I needed it to be fast because in my app I display a lot of POIs on the map for which there is logic that is dependent on in which country/state the POI is located.
There are 249 countries with an iso code; so 8 bits might be enough. So it's not that bad. But even at 32 bits it would probably be fine and you could cram in some more data.
There are many similar things of course but nothing that was multiplatform, which I needed. I actually created a multiplatform kotlin library for working with language and country codes a few months ago: https://github.com/jillesvangurp/ko-iso
It seems we have some shared interests. I'll check out your library.
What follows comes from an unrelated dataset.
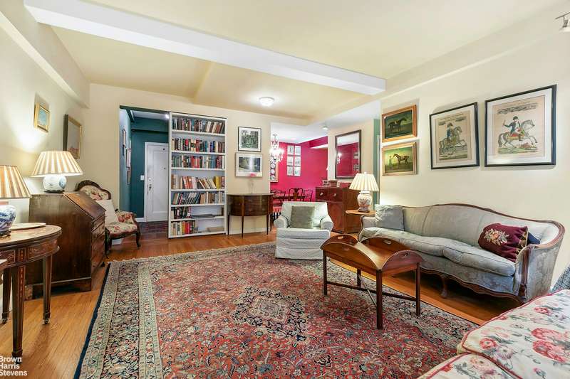 The apartment features a capacious living room, 2 large bedrooms (or master bedroom and library) with bath, all with open south views across East 57th Street -- suffused with ample warm southern light. The apartment would benefit from some renovation -- the existing layout allows optimum flexibility in modifying the original floor plan, particularly in the rear rooms: kitchen, staffroom (now office) dining area, half bath, hall way.

What you describe is nice strategy for indexing things. I've done some similar things. Another library (jillesvangurp/geogeometry) I maintain allows you to figure out which map tiles cover a polygon cover a polygon. Map tiles are nice because they are basically quad tree paths. I have a similar algorithm that does that with geohashes. You could use both for indexing geospatial stuff.
Slicing up the polygons sounds interesting. I've been meaning to have a go at intersect/union type operations on geometries. I added a boolean intersects recently to check whether geometries intersect each other. I already had containment check.
> There are 249 countries with an iso code; so 8 bits might be enough.
There are 249 ISO 3166-1 country codes:
* https://en.wikipedia.org/wiki/List_of_ISO_3166_country_codes
But 193 sovereign states recognized by the UN:
* https://en.wikipedia.org/wiki/Member_states_of_the_United_Na...
Some of the discrepancy can be accounted for by "legacy" codes like .su for the Soviet Union.
> But 193 sovereign states recognized by the UN
All of which are also in the 249 ISO 3166-1 list; it's a super set. It doesn't include the historical ones anymore. Codes for those are interesting if you have old data perhaps.
I remember seeing this technique in a video by Sebastian Lague: https://youtu.be/sLqXFF8mlEU?t=787
Really cool